▶ [Task statement] Repeat the records exactly, minus the pictures.

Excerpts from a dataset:

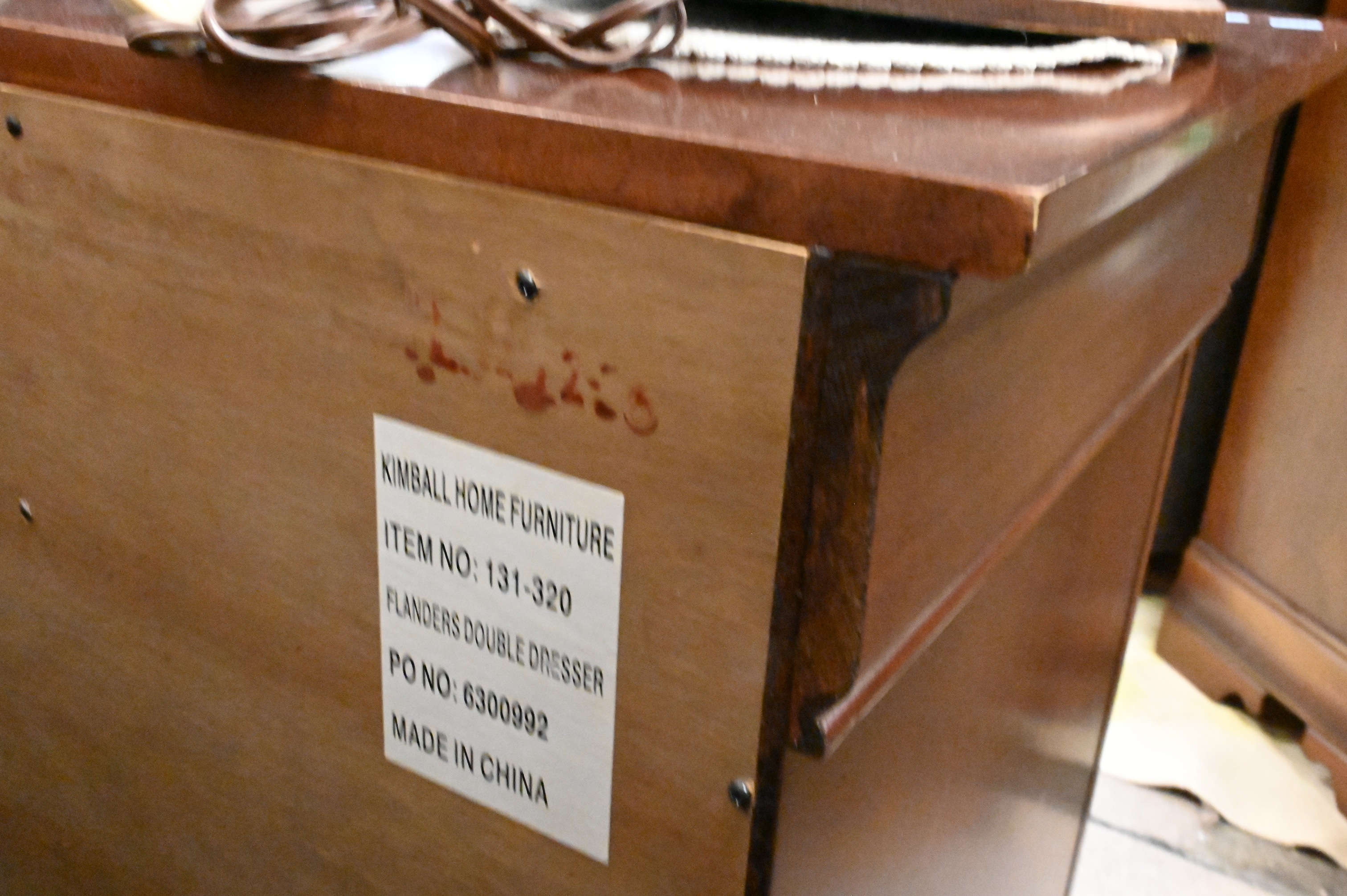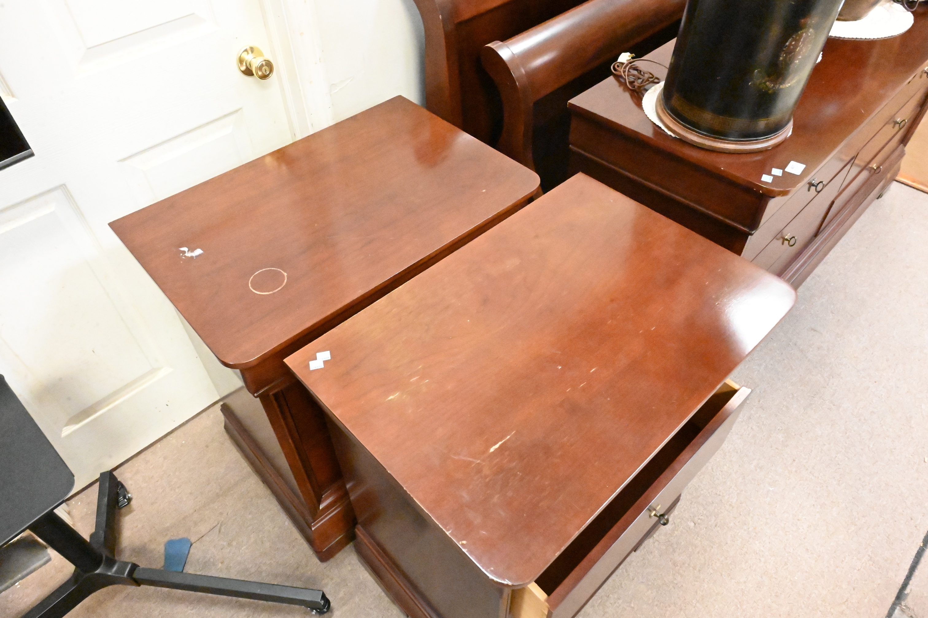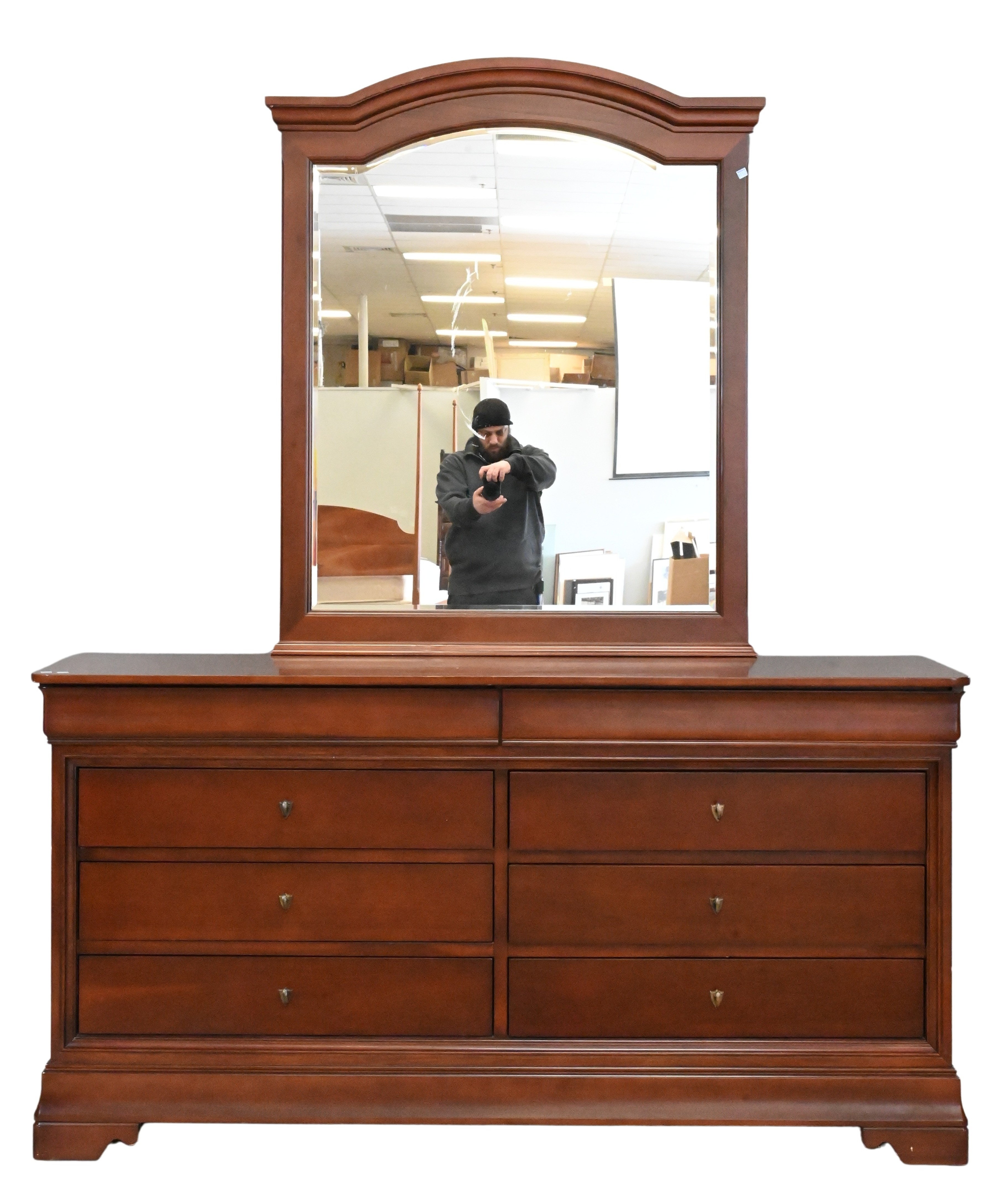 queen size bed frame, pair of nightstands, tall chest, and six drawer dresser
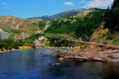 Mohaka river, znajduje się po wschodniej stronie, środkowej części Północnej Wyspy Nowej Zelandii. Dokładne informacje geograficzne pominę, powiem tylko, że, mimo iż płynie ona w większości przez niedostępne i dziewicze tereny górskie dojazd do poznanego przeze mnie odcinka środkowego jest stosunkowo prosty. Dla porządku dodam też, że jest to też najbardziej finansowo dostępny odcinek – kazdy moze sie tu dostac (wystarczy auto 4WD; niekoniecznie helikopter!) i polowic. Słynny górny odcinek opanowany jest przez amerykańskich przewodników wędkarskich, a dolny, przełomowy segment wymaga transportu śmigłowcowego. Te kilka odcinków, które miałem okazję zwiedzić dwukrotnie (w listopadzie widziałem dodatkowo jeszcze jeden, który obecnie leży na terenie kupionym niedawno przez pewnego Amerykanina, o którym poźniej) stosunkowo łatwo odnaleźć jest na mapach, a i dojazd do nich nie jest trudny. Obejmują fragment rzeki przed i za mostem na drodze głównej nr 5: Napier – Taupo.
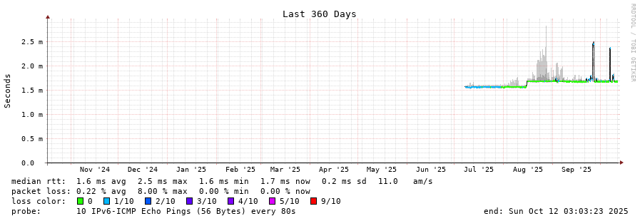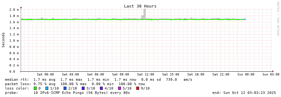 traceroute to 2620:119:53::53 (2620:119:53::53), 30 hops max, 80 byte packets - Generated at 2025-10-12 01:00:01
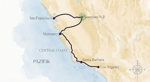 Vom weltberühmten Yosemite Nationalpark über die dramatischen Klippen von Big Sur bis zu den Metropolen San Francisco und Los Angeles.
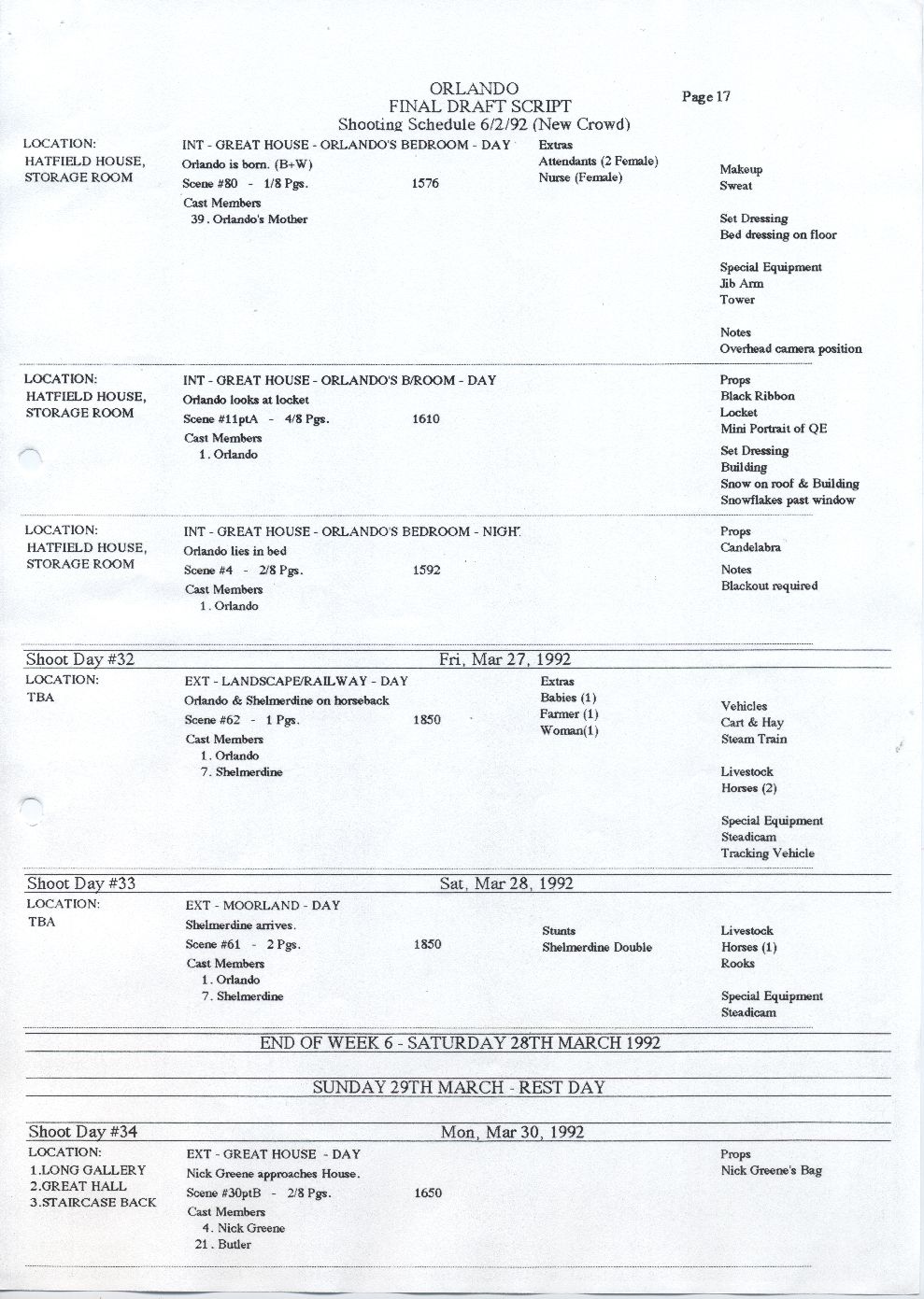 Description Page 17 of shooting schedule. A4 computer printed sheet
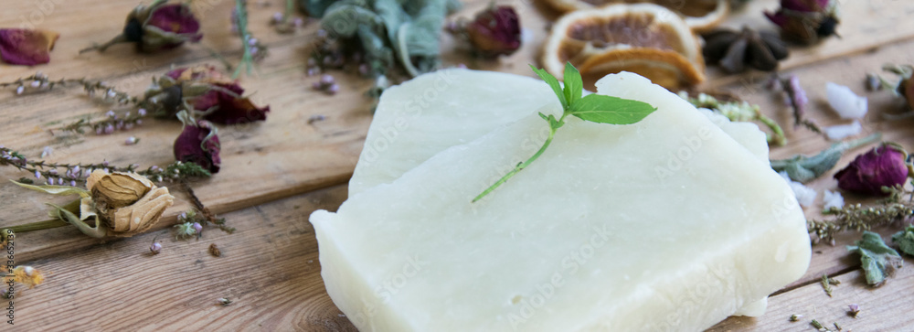Handmade soap bars with herbs on wooden table, soft focus,banner.
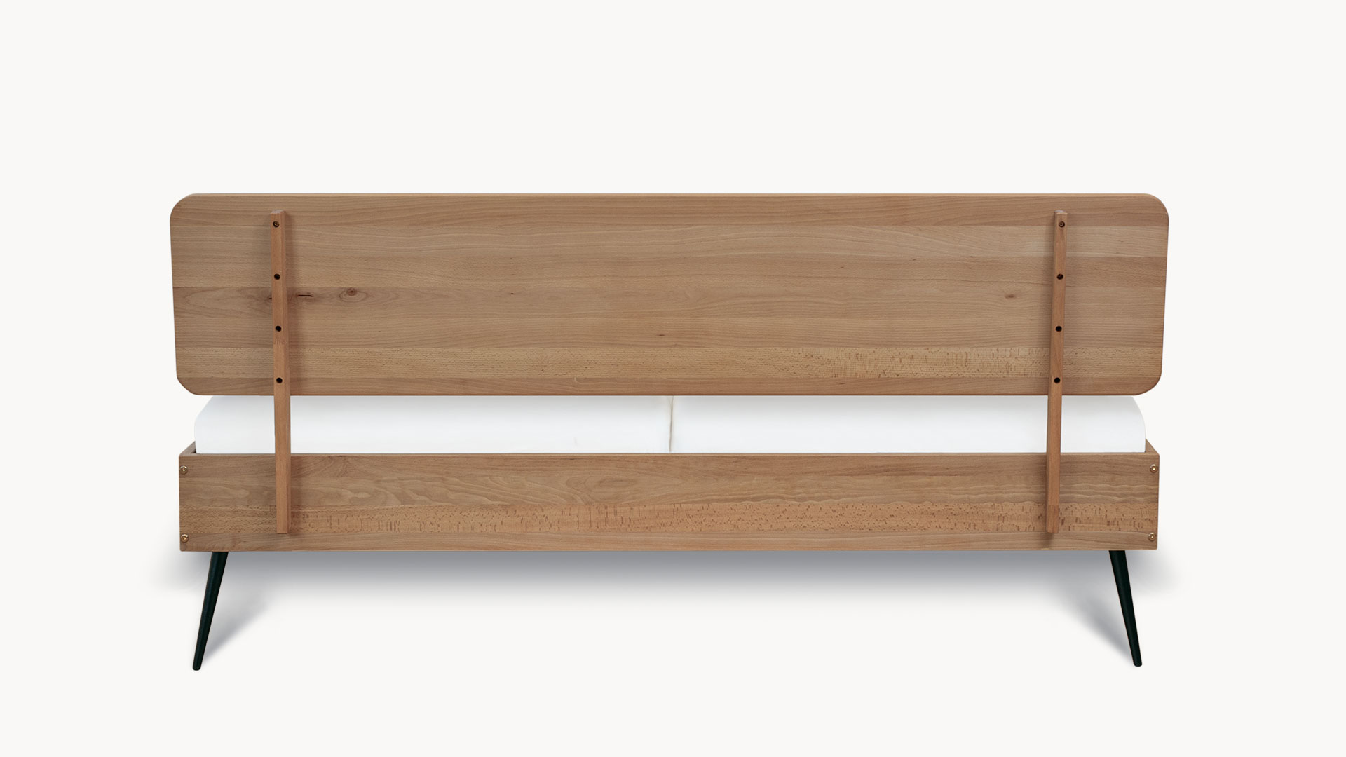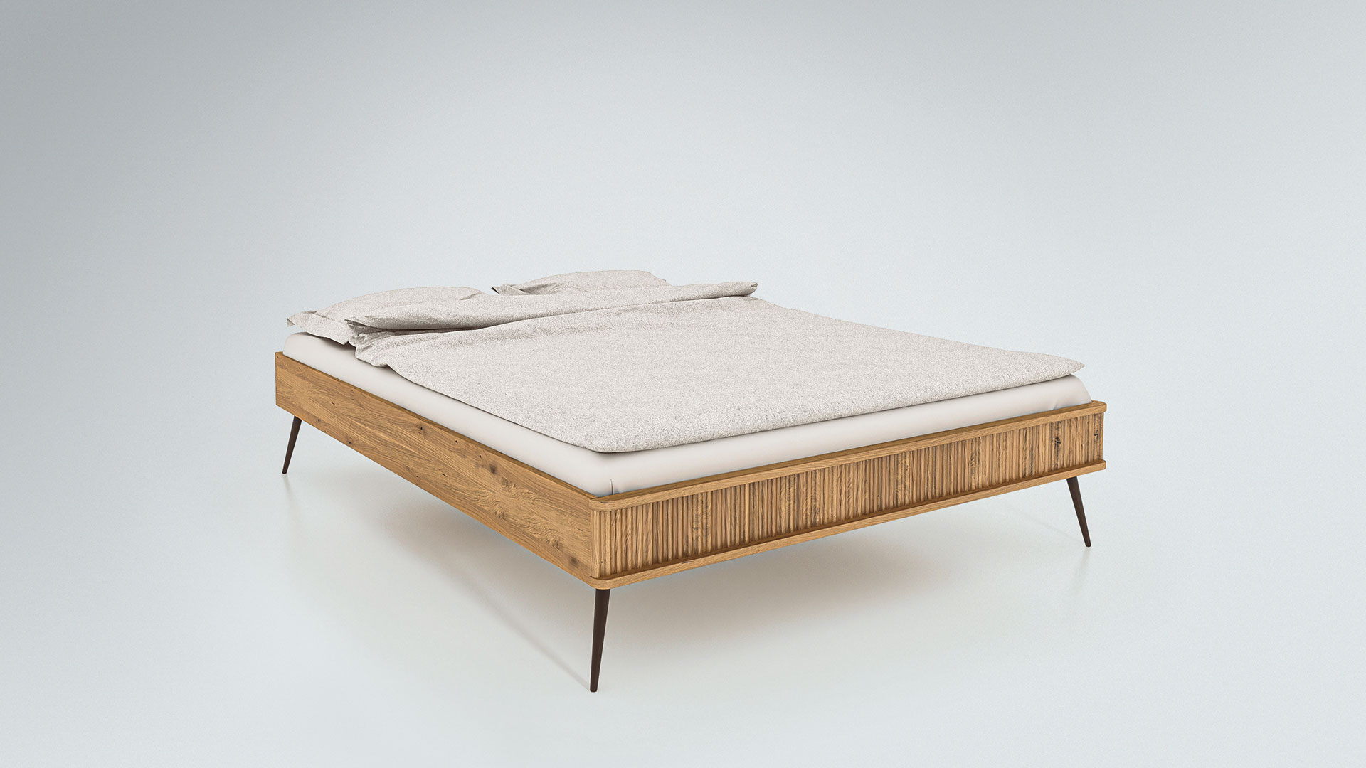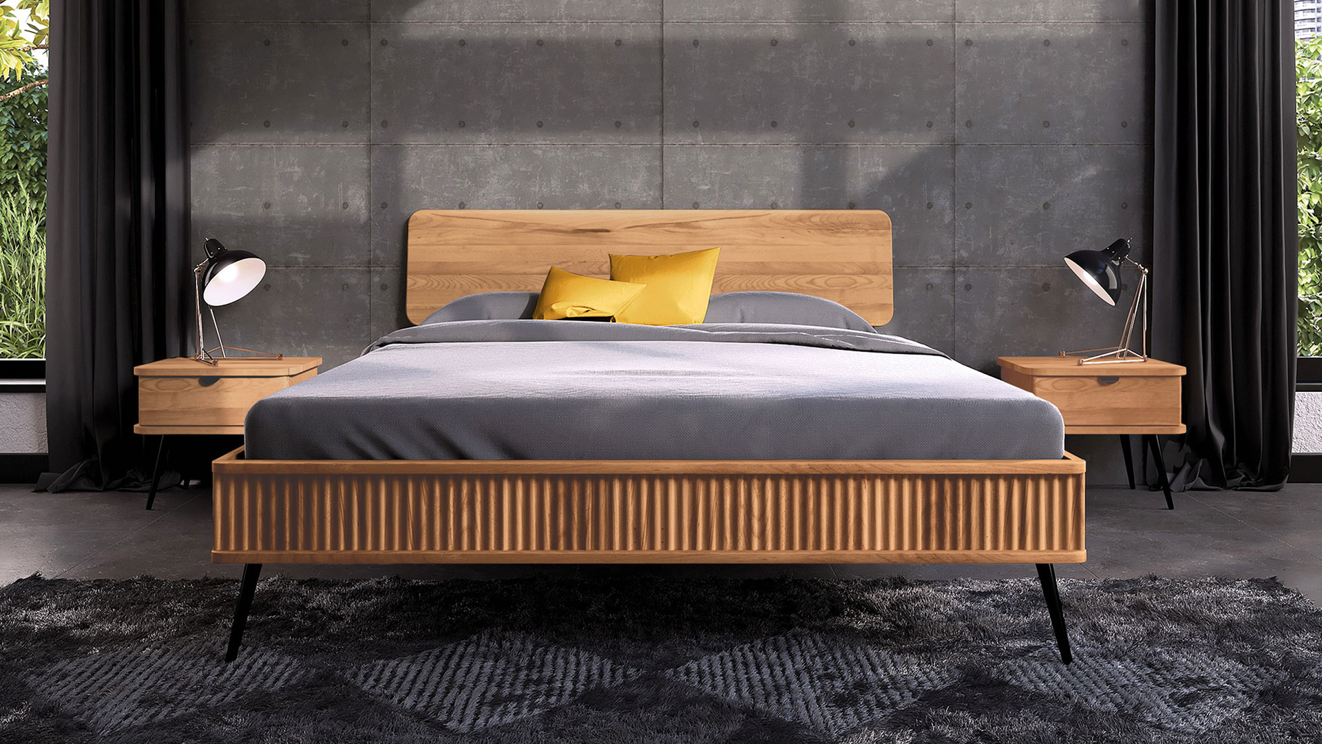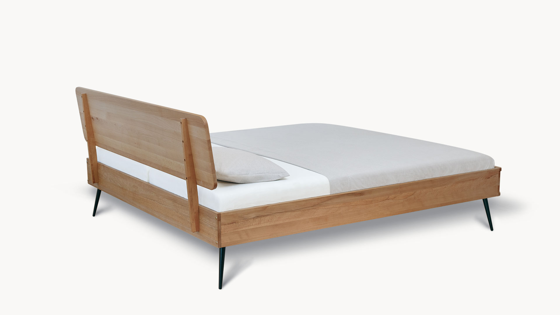 Die Ober- und Unterkanten des Bettrahmens greifen das runde Design des Wellen-Reliefs gekonnt auf und geben dem Bett ein harmonisches Aussehen. Das Kopfteil aus Massivholz stellt die einzigartige Maserung des massiven Wildeichen- oder Kernbuchenholzes in den Mittelpunkt. Die Bettfüße aus schwarzem Metall schenken dem Bett eine optische Leichtigkeit und lenken die Blicke auf den hochwertig gefertigten Holzrahmen.
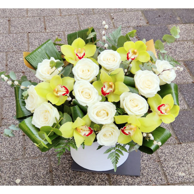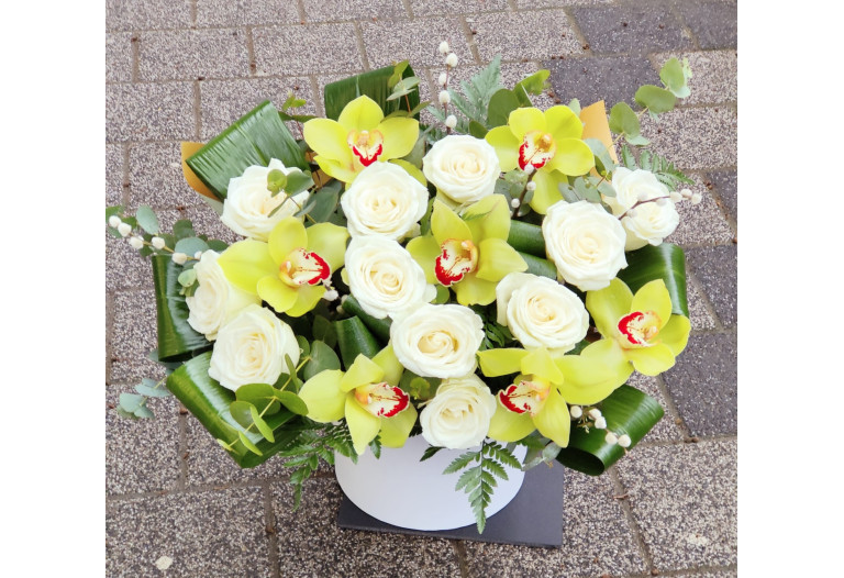 Aranjament floral deosebit realizat din orhidee cymbidium verde si trandafiri albi.
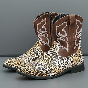 メンズヒョウ柄カウボーイブーツ - ロデオ、ステージパフォーマンス、ファッションパーティーに最適な、エキゾチックなフェイクレザーのウエスタンスタイルのミドルカーフブーツ

▶ [Exercise response]
 queen size bed frame, pair of nightstands, tall chest, and six drawer dresser
 Mohaka river, znajduje się po wschodniej stronie, środkowej części Północnej Wyspy Nowej Zelandii. Dokładne informacje geograficzne pominę, powiem tylko, że, mimo iż płynie ona w większości przez niedostępne i dziewicze tereny górskie dojazd do poznanego przeze mnie odcinka środkowego jest stosunkowo prosty. Dla porządku dodam też, że jest to też najbardziej finansowo dostępny odcinek – kazdy moze sie tu dostac (wystarczy auto 4WD; niekoniecznie helikopter!) i polowic. Słynny górny odcinek opanowany jest przez amerykańskich przewodników wędkarskich, a dolny, przełomowy segment wymaga transportu śmigłowcowego. Te kilka odcinków, które miałem okazję zwiedzić dwukrotnie (w listopadzie widziałem dodatkowo jeszcze jeden, który obecnie leży na terenie kupionym niedawno przez pewnego Amerykanina, o którym poźniej) stosunkowo łatwo odnaleźć jest na mapach, a i dojazd do nich nie jest trudny. Obejmują fragment rzeki przed i za mostem na drodze głównej nr 5: Napier – Taupo.
 traceroute to 2620:119:53::53 (2620:119:53::53), 30 hops max, 80 byte packets - Generated at 2025-10-12 01:00:01
 Vom weltberühmten Yosemite Nationalpark über die dramatischen Klippen von Big Sur bis zu den Metropolen San Francisco und Los Angeles.
 Description Page 17 of shooting schedule. A4 computer printed sheet
Handmade soap bars with herbs on wooden table, soft focus,banner.
 Die Ober- und Unterkanten des Bettrahmens greifen das runde Design des Wellen-Reliefs gekonnt auf und geben dem Bett ein harmonisches Aussehen. Das Kopfteil aus Massivholz stellt die einzigartige Maserung des massiven Wildeichen- oder Kernbuchenholzes in den Mittelpunkt. Die Bettfüße aus schwarzem Metall schenken dem Bett eine optische Leichtigkeit und lenken die Blicke auf den hochwertig gefertigten Holzrahmen.
 Aranjament floral deosebit realizat din orhidee cymbidium verde si trandafiri albi.
 メンズヒョウ柄カウボーイブーツ - ロデオ、ステージパフォーマンス、ファッションパーティーに最適な、エキゾチックなフェイクレザーのウエスタンスタイルのミドルカーフブーツ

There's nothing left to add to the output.